Wer möchte, kann die bebilderte Broschüre (auf französisch) hier neben dem Flyer und weiteren Informationen für den Besuch herunterladen. Auch der Ausstellungskatalog ist wirklich sehr schön gestaltet.

 

Große „Reichs-Kolonial-Uhr“

Badische Uhrenfabrik, Furtwangen, um 1905, Inv. 16-0818

Die Uhr bringt die Kolonialpolitik des Deutschen Kaiserreichs auf den Punkt. Denn die Inschrift „Kein Sonnenuntergang in unserem Reich“ verweist auf die Idee eines weltumspannenden Kolonialreichs. Das Bildprogramm zeigt das aggressive Wesen dieses Expansionsstrebens. 1898 rechtfertigte Kaiser Wilhelm II. die massive Aufrüstung der Marine mit dem Ausspruch, der sich ebenfalls auf der Uhr findet: „Unsere Zukunft liegt auf dem Wasser.“

Weltzeitanzeige der Uhr

Auf der damals neuartigen Weltzeitanzeige konnte man neben der Mitteleuropäischen Zeit zudem auch alle Ortszeiten in den deutschen Kolonien ablesen.

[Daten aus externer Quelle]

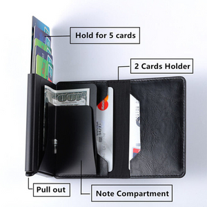 Elevate your security with Pop-up Credit Card Holder. Crafted from durable aluminum, it accommodates 5-6 cards, including credit cards and IDs. Enjoy RFID protection, preventing hackers from compromising your privacy. Slim and resilient, it fits snugly in your back pocket at 10cmx6.5cmx1.5cm.

Gerne haben wir dem Wunsch des Freiburger Augustinermuseums entsprochen, die Uhr auch für eine längere Laufzeit auszuleihen, da wir das die Ausstellung „Freiburg und Kolonialismus: Gestern? Heute“ als besonders wichtig erachten. Denn Deutschland und seine Kolonien – noch vor wenigen Jahren war das kein Thema. Doch jetzt wird im Zusammenhang der Diskussionen über den alltäglichen Rassismus die Frage gestellt, wie sich Deutschland zu seiner Verantwortung für die Verbrechen in der Kolonialzeit stellt. Die sehenswerte Ausstellung im Freiburger Augustinermuseum läuft noch bis zum 11. Juni 2023.